Print the listing exactly as it stands, and skip any pictures in it.

[Data records]:
= Beginning of Section =

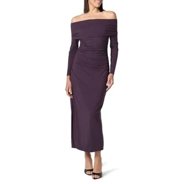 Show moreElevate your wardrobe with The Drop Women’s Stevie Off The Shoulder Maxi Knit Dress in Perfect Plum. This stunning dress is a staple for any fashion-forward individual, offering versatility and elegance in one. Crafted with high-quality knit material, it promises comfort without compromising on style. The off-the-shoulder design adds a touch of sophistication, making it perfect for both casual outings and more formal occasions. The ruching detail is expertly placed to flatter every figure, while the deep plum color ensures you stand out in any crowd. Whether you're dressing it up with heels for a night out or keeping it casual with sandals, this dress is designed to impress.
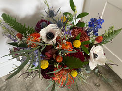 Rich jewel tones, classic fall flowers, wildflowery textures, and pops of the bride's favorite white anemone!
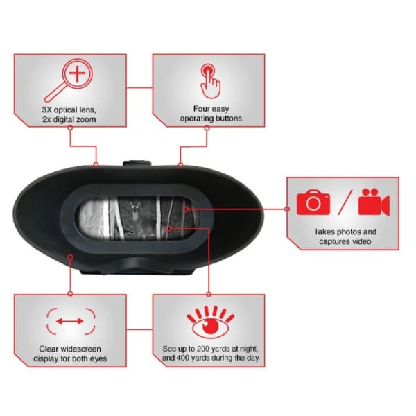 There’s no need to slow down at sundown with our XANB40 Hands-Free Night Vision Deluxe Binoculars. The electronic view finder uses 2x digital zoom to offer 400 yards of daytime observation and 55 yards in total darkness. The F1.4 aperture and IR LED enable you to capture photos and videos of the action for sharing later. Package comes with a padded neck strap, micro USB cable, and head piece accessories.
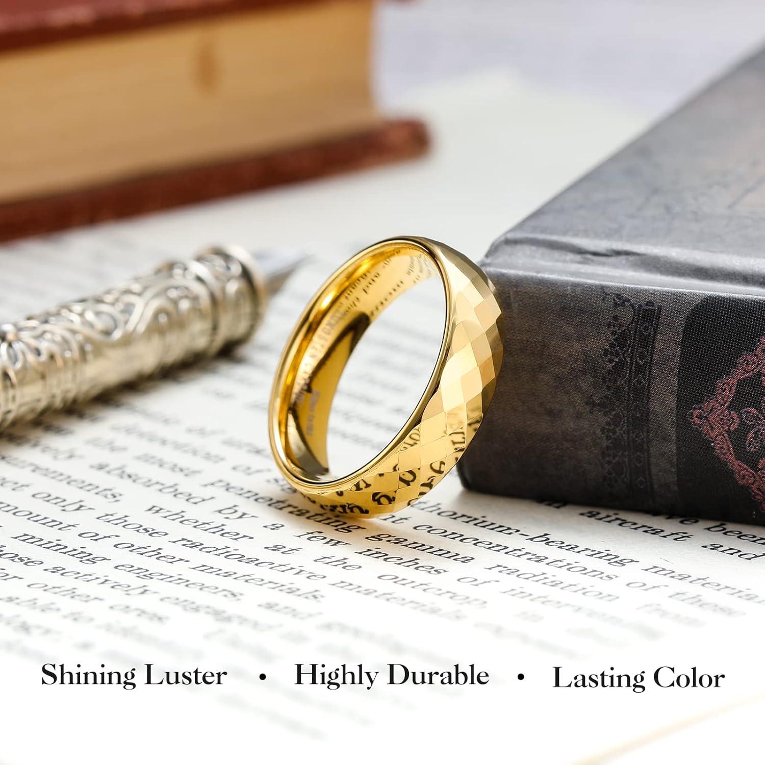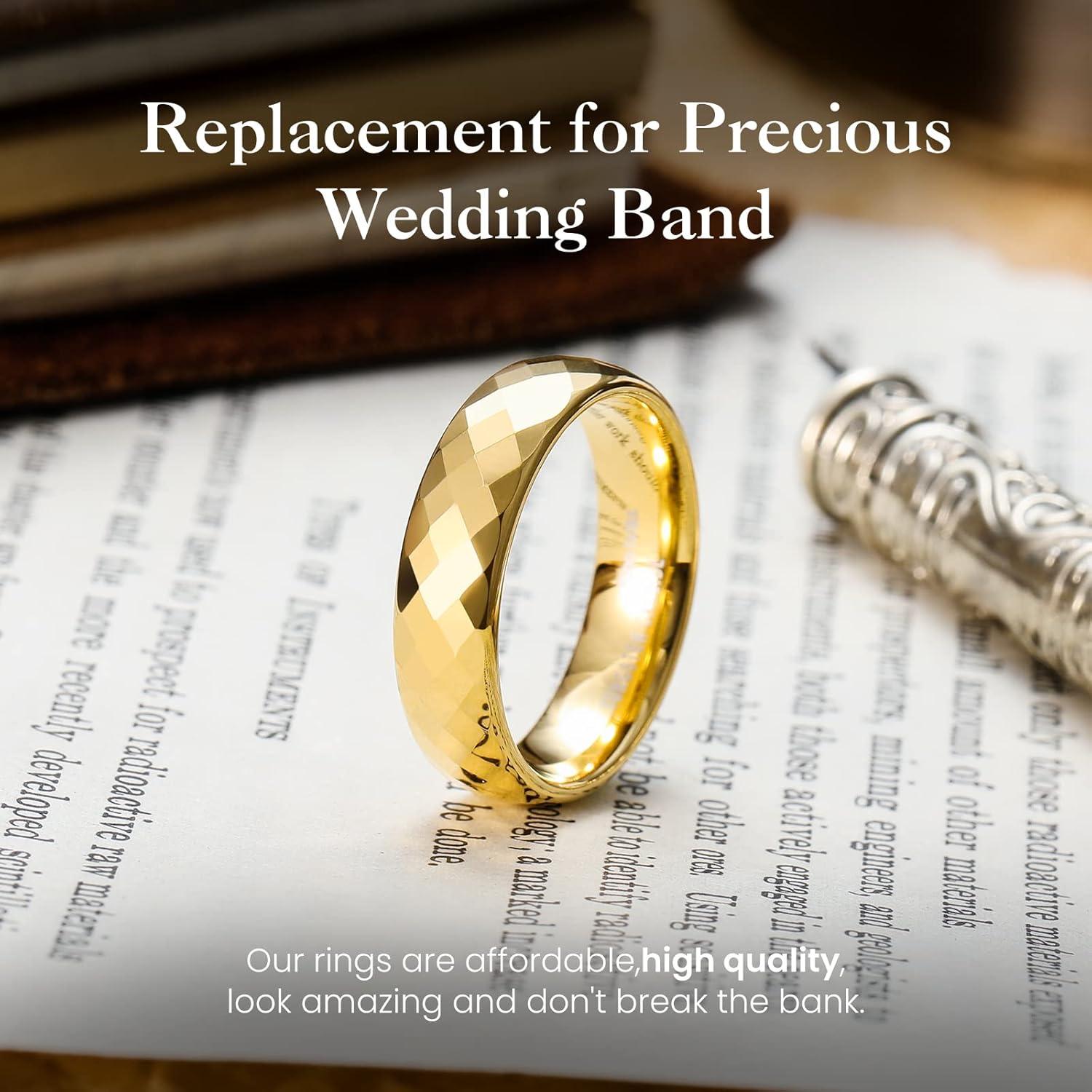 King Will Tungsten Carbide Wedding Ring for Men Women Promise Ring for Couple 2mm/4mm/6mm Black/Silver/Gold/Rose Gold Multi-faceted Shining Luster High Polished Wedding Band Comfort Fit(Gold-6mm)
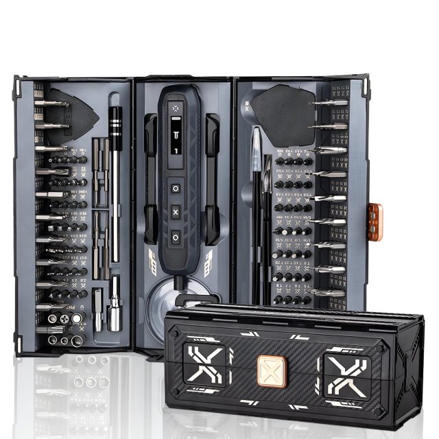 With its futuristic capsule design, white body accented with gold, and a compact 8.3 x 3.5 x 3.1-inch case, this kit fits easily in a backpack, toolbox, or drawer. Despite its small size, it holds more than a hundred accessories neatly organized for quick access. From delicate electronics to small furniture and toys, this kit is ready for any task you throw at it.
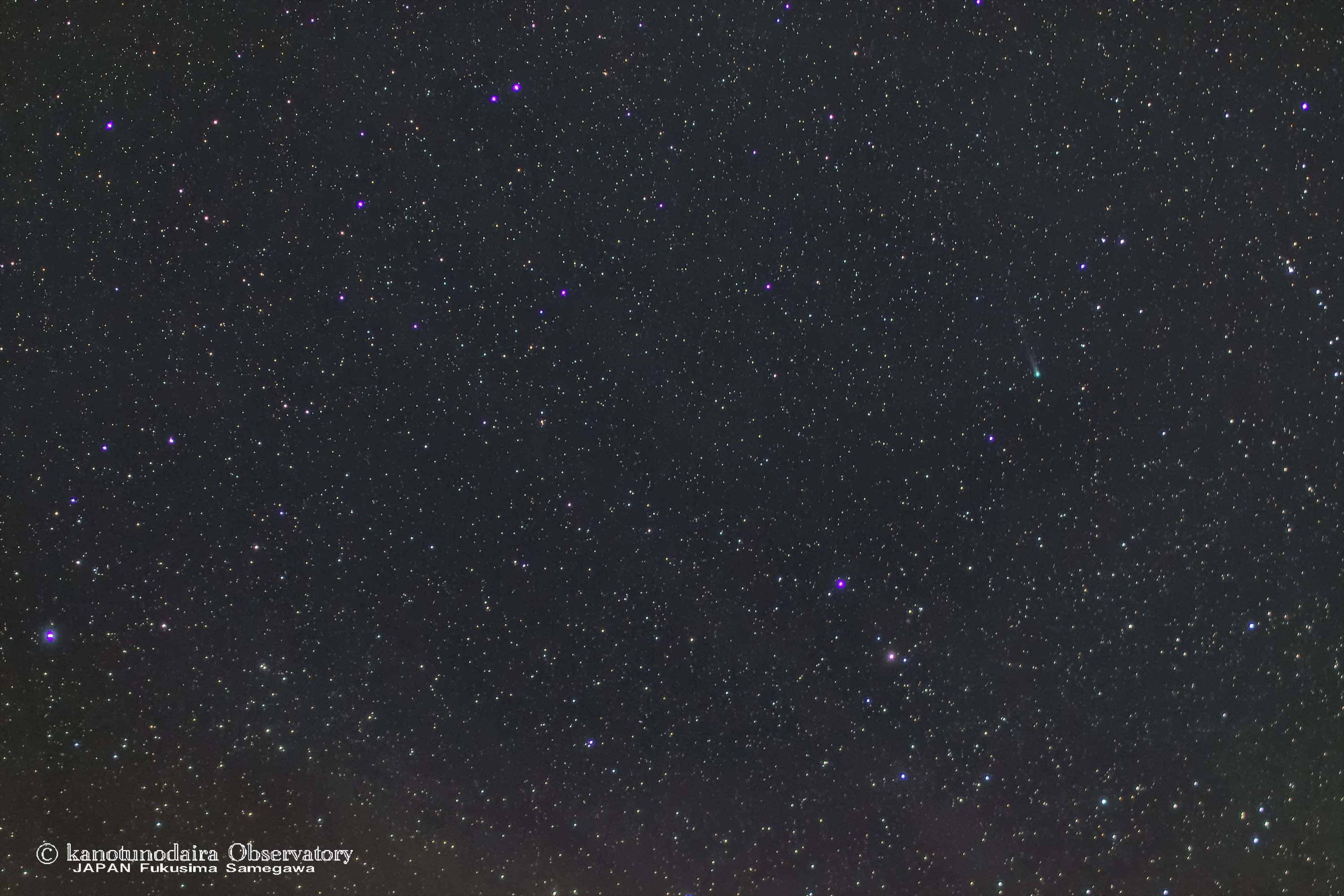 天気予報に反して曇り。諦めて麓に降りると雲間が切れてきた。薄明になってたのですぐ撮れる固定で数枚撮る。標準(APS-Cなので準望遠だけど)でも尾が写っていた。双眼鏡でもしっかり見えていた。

= End of Section =

[Answer to this task]:
 Show moreElevate your wardrobe with The Drop Women’s Stevie Off The Shoulder Maxi Knit Dress in Perfect Plum. This stunning dress is a staple for any fashion-forward individual, offering versatility and elegance in one. Crafted with high-quality knit material, it promises comfort without compromising on style. The off-the-shoulder design adds a touch of sophistication, making it perfect for both casual outings and more formal occasions. The ruching detail is expertly placed to flatter every figure, while the deep plum color ensures you stand out in any crowd. Whether you're dressing it up with heels for a night out or keeping it casual with sandals, this dress is designed to impress.
 Rich jewel tones, classic fall flowers, wildflowery textures, and pops of the bride's favorite white anemone!
 There’s no need to slow down at sundown with our XANB40 Hands-Free Night Vision Deluxe Binoculars. The electronic view finder uses 2x digital zoom to offer 400 yards of daytime observation and 55 yards in total darkness. The F1.4 aperture and IR LED enable you to capture photos and videos of the action for sharing later. Package comes with a padded neck strap, micro USB cable, and head piece accessories.
 King Will Tungsten Carbide Wedding Ring for Men Women Promise Ring for Couple 2mm/4mm/6mm Black/Silver/Gold/Rose Gold Multi-faceted Shining Luster High Polished Wedding Band Comfort Fit(Gold-6mm)
 With its futuristic capsule design, white body accented with gold, and a compact 8.3 x 3.5 x 3.1-inch case, this kit fits easily in a backpack, toolbox, or drawer. Despite its small size, it holds more than a hundred accessories neatly organized for quick access. From delicate electronics to small furniture and toys, this kit is ready for any task you throw at it.
 天気予報に反して曇り。諦めて麓に降りると雲間が切れてきた。薄明になってたのですぐ撮れる固定で数枚撮る。標準(APS-Cなので準望遠だけど)でも尾が写っていた。双眼鏡でもしっかり見えていた。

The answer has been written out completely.